Write out the data word for word and drop any picture you find.

Data block:
● ● ● ● ● ● ●

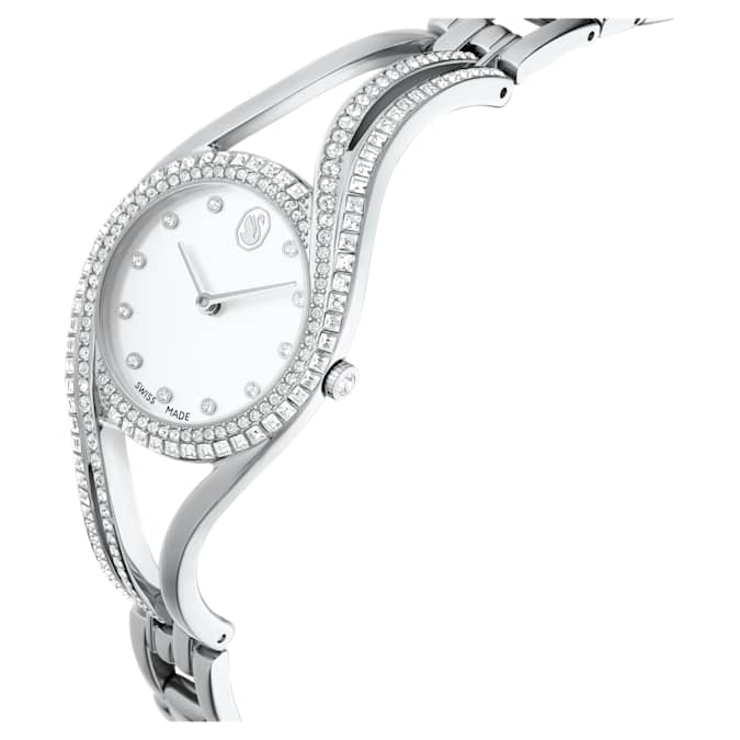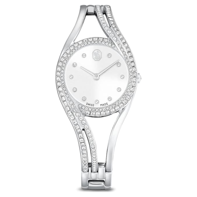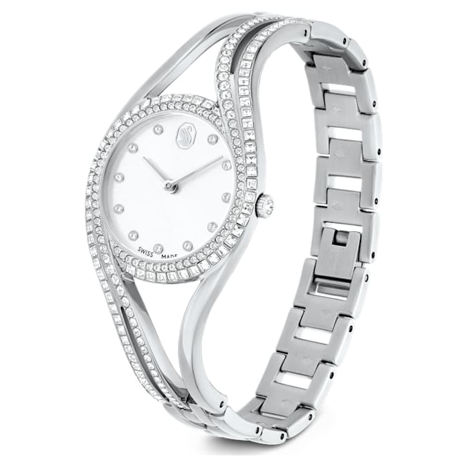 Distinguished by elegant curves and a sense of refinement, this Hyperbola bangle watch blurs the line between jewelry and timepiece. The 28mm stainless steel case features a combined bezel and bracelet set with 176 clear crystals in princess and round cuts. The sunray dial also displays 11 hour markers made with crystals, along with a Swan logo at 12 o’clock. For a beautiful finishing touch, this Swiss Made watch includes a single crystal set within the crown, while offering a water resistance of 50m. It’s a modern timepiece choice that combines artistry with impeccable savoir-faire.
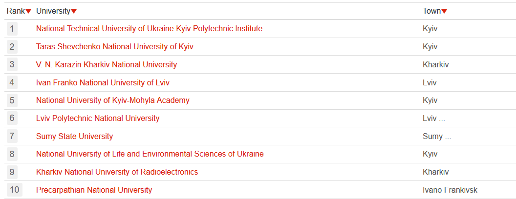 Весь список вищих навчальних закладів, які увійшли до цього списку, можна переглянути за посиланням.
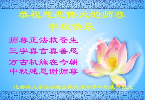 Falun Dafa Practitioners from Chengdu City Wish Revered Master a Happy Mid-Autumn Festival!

● ● ● ● ● ● ●

Solved problem:
 Distinguished by elegant curves and a sense of refinement, this Hyperbola bangle watch blurs the line between jewelry and timepiece. The 28mm stainless steel case features a combined bezel and bracelet set with 176 clear crystals in princess and round cuts. The sunray dial also displays 11 hour markers made with crystals, along with a Swan logo at 12 o’clock. For a beautiful finishing touch, this Swiss Made watch includes a single crystal set within the crown, while offering a water resistance of 50m. It’s a modern timepiece choice that combines artistry with impeccable savoir-faire.
 Весь список вищих навчальних закладів, які увійшли до цього списку, можна переглянути за посиланням.
 Falun Dafa Practitioners from Chengdu City Wish Revered Master a Happy Mid-Autumn Festival!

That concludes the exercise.